Query 2 further refines the data, arranging results in ascending order based on age segments. This segmentation in 10-year increments allows for a clearer understanding of trends across different age groups regarding counts of luxury and affordable residences, average incomes, and average sale prices.
The results of these queries reveal several key insights that the marketing department should consider when devising new strategies to attract potential buyers. Younger buyers, particularly those in their 20s, exhibit lower incomes, limiting their purchasing power to properties categorized as “002” or “Affordable.” The average income for this age group is $41,500, with occasional outliers earning significantly more.
As age brackets increase, ownership of both “002” (Affordable) and “001” (Luxury) properties becomes more prevalent. Notably, luxury residences are primarily owned by individuals in their 30s and above. This demographic shift is accompanied by an increase in average income and property sale prices. For instance, in the 30-39 segment, the average income is $92,857.14, with an average sale price of $109,714.29. Similarly, in the 40-49 segment, the average income rises to $97,777,78 with a corresponding increase in average sale price.
This upward trend in income and property ownership among older age groups can be attributed to career advancement and corresponding salary increases. Notably, individuals in their 20s typically do not own or reside in luxury residences, indicating a progression towards higher-end properties as individuals age and accumulate wealth.
Given this information, the marketing department can tailor their campaigns to target high-income buyers in their 30s or older for luxury estates. Conversely, more affordable homes should be marketed toward younger buyers who are at the beginning of their careers. Additionally, the data highlights an emerging trend of individuals in their late 30s and up investing in second homes, presenting an opportunity for marketers to capitalize on this trend by making second homes more appealing, whether for vacation purposes or rental investments.

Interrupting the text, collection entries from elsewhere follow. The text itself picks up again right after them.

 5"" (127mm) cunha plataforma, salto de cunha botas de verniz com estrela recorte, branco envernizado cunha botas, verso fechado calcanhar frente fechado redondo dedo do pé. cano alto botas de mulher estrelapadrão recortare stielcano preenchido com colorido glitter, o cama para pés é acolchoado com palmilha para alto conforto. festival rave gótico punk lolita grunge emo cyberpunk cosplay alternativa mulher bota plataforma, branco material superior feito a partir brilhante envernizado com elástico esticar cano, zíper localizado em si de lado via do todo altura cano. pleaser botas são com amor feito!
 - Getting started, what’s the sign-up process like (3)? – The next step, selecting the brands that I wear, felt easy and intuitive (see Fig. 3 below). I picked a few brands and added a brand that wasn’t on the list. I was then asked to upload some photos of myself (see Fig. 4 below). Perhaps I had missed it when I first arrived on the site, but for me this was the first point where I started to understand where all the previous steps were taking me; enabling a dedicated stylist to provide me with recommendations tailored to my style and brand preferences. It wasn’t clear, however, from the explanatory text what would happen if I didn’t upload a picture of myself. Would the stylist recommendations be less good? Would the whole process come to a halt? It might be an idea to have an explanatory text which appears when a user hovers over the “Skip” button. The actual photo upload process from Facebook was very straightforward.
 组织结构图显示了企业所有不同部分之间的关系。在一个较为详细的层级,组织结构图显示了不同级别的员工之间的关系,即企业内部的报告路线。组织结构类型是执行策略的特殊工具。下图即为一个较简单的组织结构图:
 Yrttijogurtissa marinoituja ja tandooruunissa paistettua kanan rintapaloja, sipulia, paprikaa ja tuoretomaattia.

Problem #2: Impact of Zip Code on Property Sale Prices
SQL:

Query 1: Display the average sale price for each zip code

Query 2: Display zip codes with the highest total sale price

Analysis:
Query 1 showcases the average sale prices associated with different zip codes in descending order. Query 2 reveals the zip codes with the highest total sale prices in descending order.

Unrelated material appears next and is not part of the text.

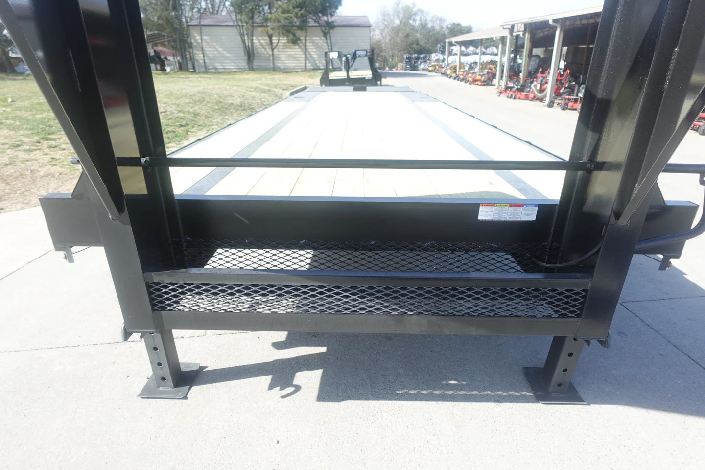 The 8.5-foot by 30-foot gooseneck deckover trailer is engineered for heavy-duty performance, featuring rugged King Kong loading ramps and a self-cleaning dovetail for efficient loading and unloading. With two greaseable 10,000lb axles and a robust I-beam frame, it’s built to handle the toughest jobs with ease. A convenient chain basket at the front provides organized storage, making it the perfect choice for demanding hauling tasks.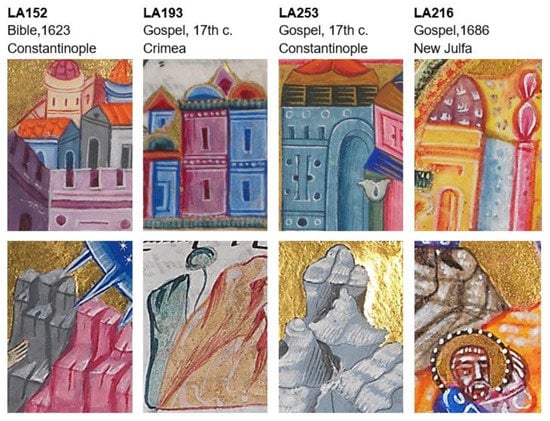 Drawing lines and brushstrokes are delicate in LA152, LA253, and LA193, while they are thick in LA216, possibly because of the small dimensions of the book. A similar approach was also observed in the minute illuminations of a book of hours [53], as shown in Supplementary S1 (Supplementary S1.6). White is used to highlight the ornaments, vestments, mountains, and architectural details in all four manuscripts (Figure 17, Figure 18 and Figure 19). More information on painting techniques is available in Supplementary S1.

These insights shed light on the impact of zip codes on property values, offering valuable guidance to stakeholders involved in strategic decision-making. For instance, the zip code 94101 in California emerges as the most expensive with an average sale price of $148,000. Following closely is 10001 in New York, with an average of 146,666.67, 90001 in California at $138,000, and so forth. This trend persists in the total sale prices, reinforcing the notion of higher living expenses in California (zip codes 94101 and 90001) and New York (10001) compared to other states collected.
By analyzing the average and total sale prices, stakeholders can discern underlying market trends and dynamics within specific geographic areas. The higher prices in California can suggest strong demand or desirable features that command premium prices. In turn, they can tailor their offerings or investment strategies to align with market demand.